Cecil Collins

No. 34
- Position: Running back

Personal information
- Born: November 19, 1976 (age 48) Fort Knox, Kentucky, U.S.
- Height: 5 ft 10 in (1.78 m)
- Weight: 207 lb (94 kg)

Career information
- High school: Leesville (LA)
- College: LSU McNeese State
- NFL draft: 1999: 5th round, 134th overall pick

Career history
- Miami Dolphins (1999);

Career NFL statistics
- Rushing attempts: 131
- Rushing yards: 414
- Rushing touchdowns: 2
- Receptions: 6
- Receiving yards: 32
- Stats at Pro Football Reference

= Cecil Collins (American football) =

American football player (born 1976)

Cecil J. P. Collins (born November 19, 1976) is an American former professional football player who was a running back for the Miami Dolphins of the National Football League (NFL). He played college football for the LSU Tigers and McNeese State Cowboys.

==Early life==
Collins attended Leesville High School in Leesville in Vernon Parish in western Louisiana. There, he amassed 99 touchdowns and 7,833 yards over his high school football career including 3,079 yards during his senior season. Leesville was the 4A state runner-up that year and Cecil was selected as Louisiana's very first "Mr. Football".

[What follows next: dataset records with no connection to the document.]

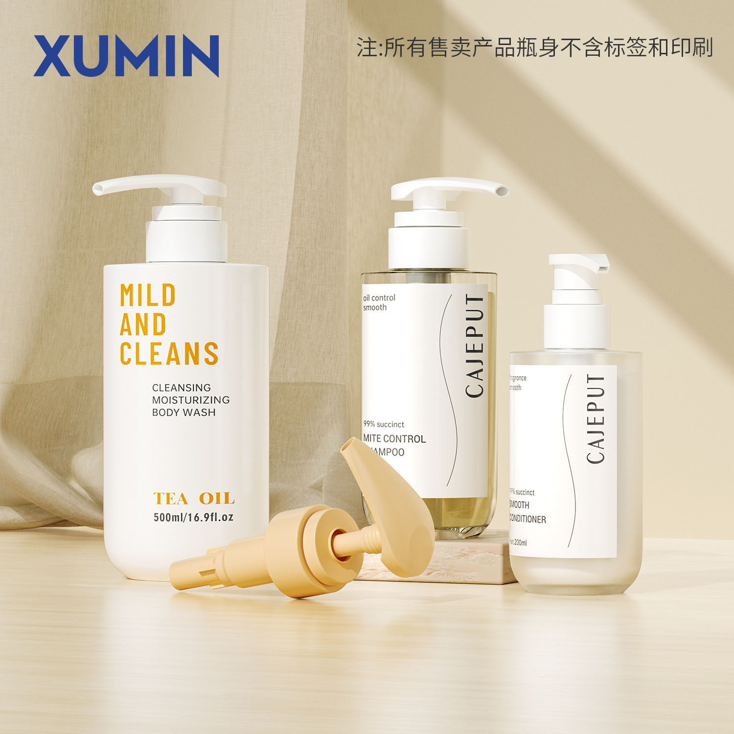 Xumin カスタマイズされた 200MLpet シャンプーボトルプレスシャワージェルボトル 300ml-500ml ラウンドショルダーローションボトル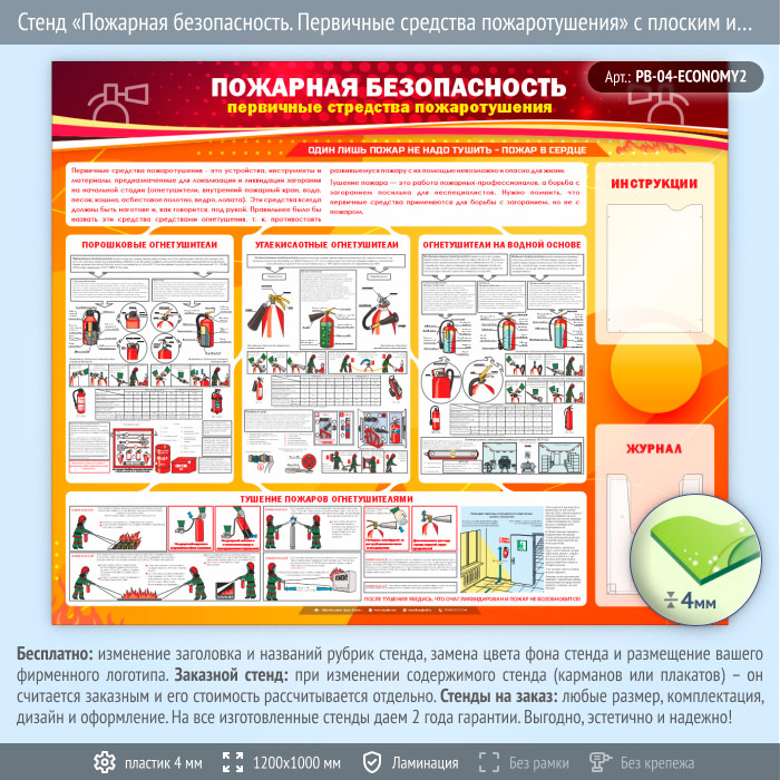 Стенд «Пожарная безопасность. Первичные средства пожаротушения» с плоским и объемным карманами (PB-04-ECONOMY2) в Ульяновске купить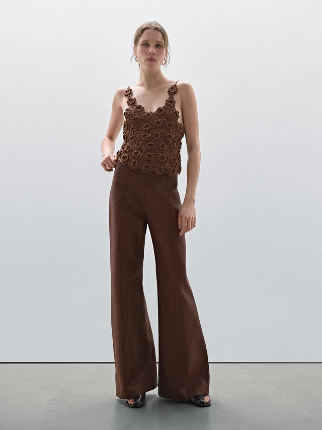 Z1975 HIGH WAIST WIDE LEG JEANS WITH CROCHET DETAIL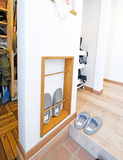 ▲造作のスリッパ用のニッチなど、こだわりがたくさん!
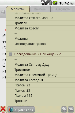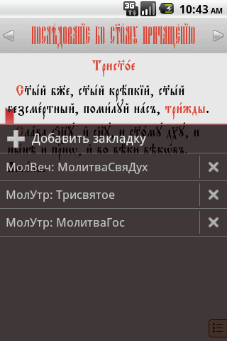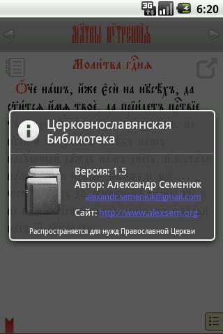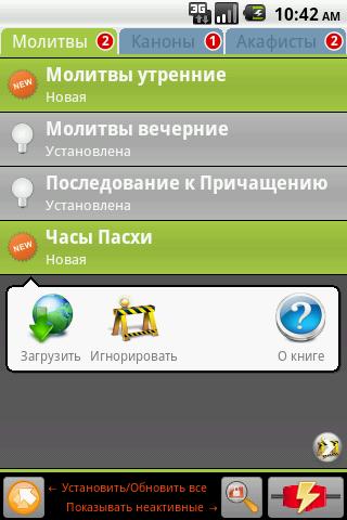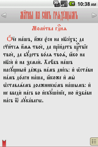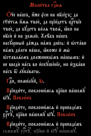Software allows to view texts of various books in Church-Slavonic language. Books are downloaded from remote server and are stored on SD card for further "offline" reading.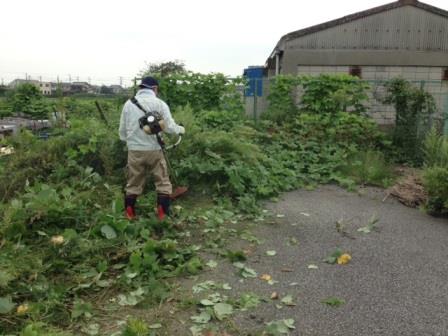 木更津工場の裏地の草刈りを行いました。が、途中雨が降り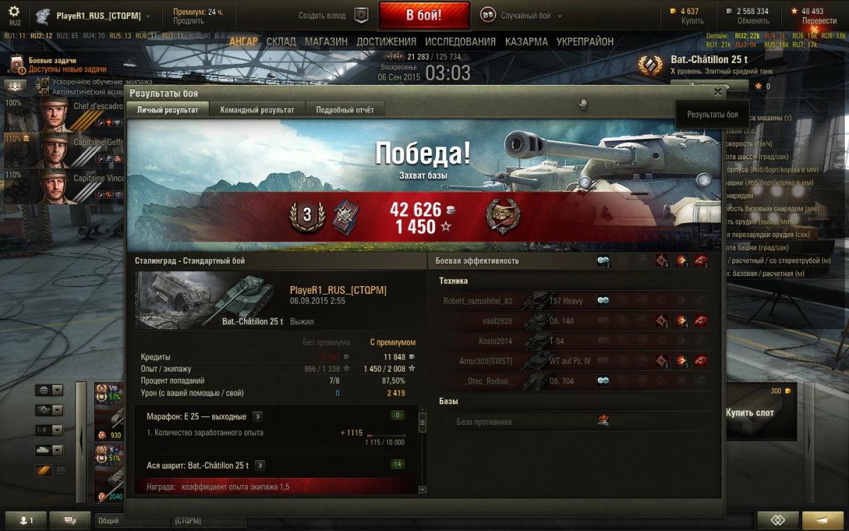Постараюсь быть краток: с 05.09 на 06.09 2015 играя в WOT, выполняя марафон, произошел следующий казус. До 2го или 3го выполнения задачи (10К опыта) оставалось приблизительно 1500 опыта. За 5 минут до начала новых игровых суток я был вынужден купить прем акк для того, что бы успеть завершить задачу. Выйдя в бой (02:56 МСК) получил уведомление, что в предыдущем бою получил 500 опыта, в итоге оставалось 1000 заработать за данный бой (скрин ниже). В итоге в этом бою получаю необходимую сумму опыта и что же я вижу в послебоевой статистике - опыт был зачтен в новые сутки, то есть предыдущая задача марафона не была выполнена. Просьба объяснить и помочь восстановить справедливость. На сколько я знаю - если вышел в бой с прем акк и он закончился в бою, то опыт и серебро дают как за прем акк. Почему же тогда в этом случае опыт пошел в новые сутки?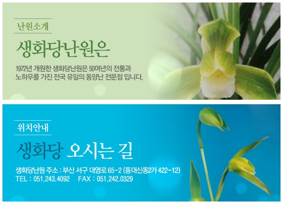 생화당난원은 지난 1972년 3월에 개원하여 1979년~1982년까지 일본춘란 판매 전시회를 5회에 걸쳐 실시했고, 500여회 일본 난계 및 난실을 방문했습니다. 또한 부산난인회, 부경풍란회, 전국만년청회를 창립한 전국 유일의 동양난 전문점입니다.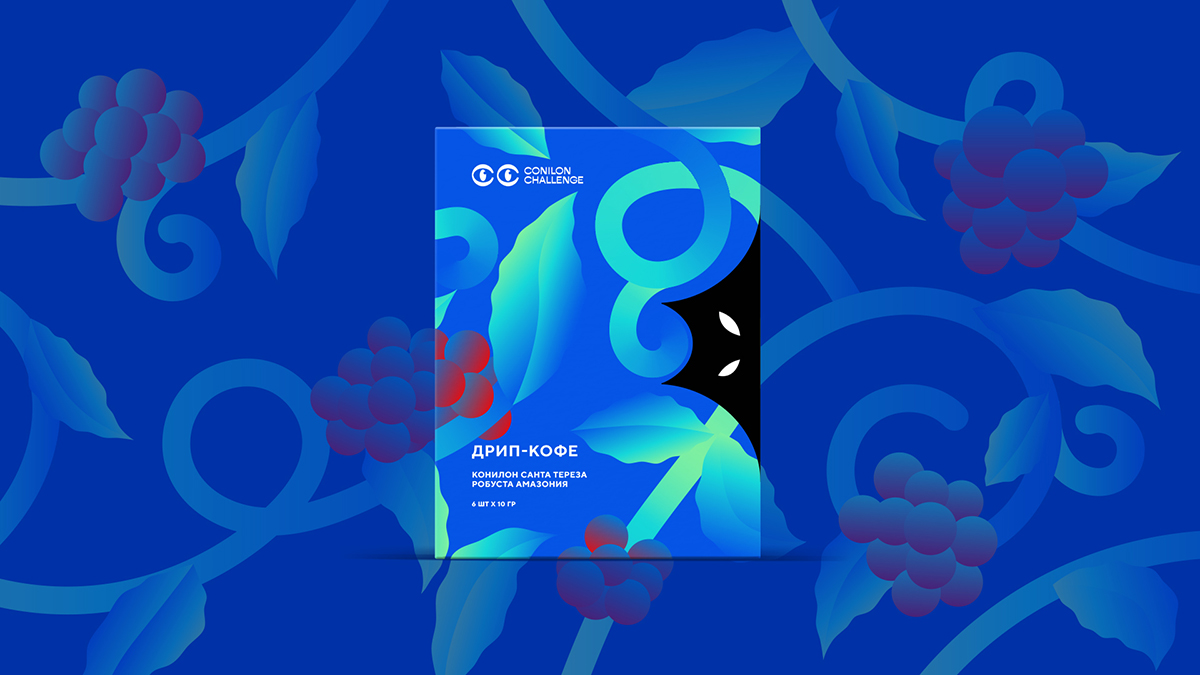 Упаковка содержала много важной информации, нужно было рассказать и о самом чемпионате, и о разнице вкусов, вошедших в новый сет дрипов, сортов, их происхождении, но сделать это компактно и оригинально. Решение было найдено — визуально упаковка превратилась в некий «трактат». На обложке поместили маскота Котилона в переплетающихся ветвях кофейного дерева в стилистике дизайна года Амазонии. На развороте расположили общую информация о Conilon Challenge и победителе этого года. Внутри, с двух сторон, разместили подробное описание каждого лота. Синяя часть упаковки с конвертом для робусты из штата Родония была вдохновлена глубиной и изгибами реки Амазонки. Черная часть, посвященная конилону из Эспириту Санту, сохранила связь с прошлогодним дизайном и Котилоном. На обратной стороне разместился рецепт от победителя по завариванию с видеоинструкцией.

Collin's struggles began during his senior season at Leesville when the NCAA Clearinghouse declared that he would be required to retake his ACT Test. Cecil had taken the test during his Junior year and had not scored well enough to qualify for Division I schools. At the beginning of his Senior season he retook the exam and improved five points giving him an acceptable score. After reviewing his case however, the NCAA Clearinghouse notified his family that this improvement was unusual and that it would be necessary for him to retest. On his third attempt, Collins failed to make the required score by one point and was forced to sit out his first year at LSU.

==College career==
After sitting out his freshman year he began his football career at Louisiana State University in less than grand fashion, sitting out the first game of the season serving a suspension for breaking team rules. After this ignoble beginning, however, Collins compiled 596 yards in his first four games before breaking his leg in the game against Vanderbilt.

He was kicked off of the LSU squad before the start of his second season after having been twice arrested for illegally entering dwellings. He claimed he was sleepwalking and had no recollection of entering the girls' rooms. He received probation as his sentence and made a second attempt at college football at Division I-AA (FCS) McNeese State University in Lake Charles, Louisiana but violated his probation when he failed a drug screen and was kicked off of the McNeese squad as well.

==Professional career==
Collins was selected as the first pick in the fifth round of the 1999 NFL draft by the Dolphins out of McNeese State University by then coach-general manager Jimmy Johnson. Signing a three-year contract, His nickname with the Dolphins was 'Cecil the Diesel'. He appeared in eight games in the 1999 season, accumulating 414 yards and two touchdowns. Collins was suspended indefinitely after his burglary arrest, then released shortly afterward.

===Career statistics===

| Year | Team | Games |  | Rushing |  |  |  |  | Receiving |  |  |  |  | Fumbles |  |
| GP | GS | Att | Yds | Avg | Lng | TD | Rec | Yds | Avg | Lng | TD | Fum | Lost |
| 1999 | MIA | 8 | 6 | 131 | 414 | 3.2 | 25 | 2 | 6 | 32 | 5.3 | 12 | 0 | 2 | 1 |
| Total |  | 8 | 6 | 131 | 414 | 3.2 | 25 | 2 | 6 | 32 | 5.3 | 12 | 0 | 2 | 1 |

==Burglary case==
On December 16, 1999, Collins committed burglary in Palm Trace Landings, an apartment complex in Davie, Florida. He admitted that he broke into the home of a married woman that he knew from the gym, but said he only wanted to watch her sleep. After conviction on the charge, he was sentenced to 15 years in prison on March 27, 2001, and released on May 1, 2013.

==Personal life==
Collins has three children. During his prison sentence, Collins said he found God and married a woman he met while she was visiting another inmate.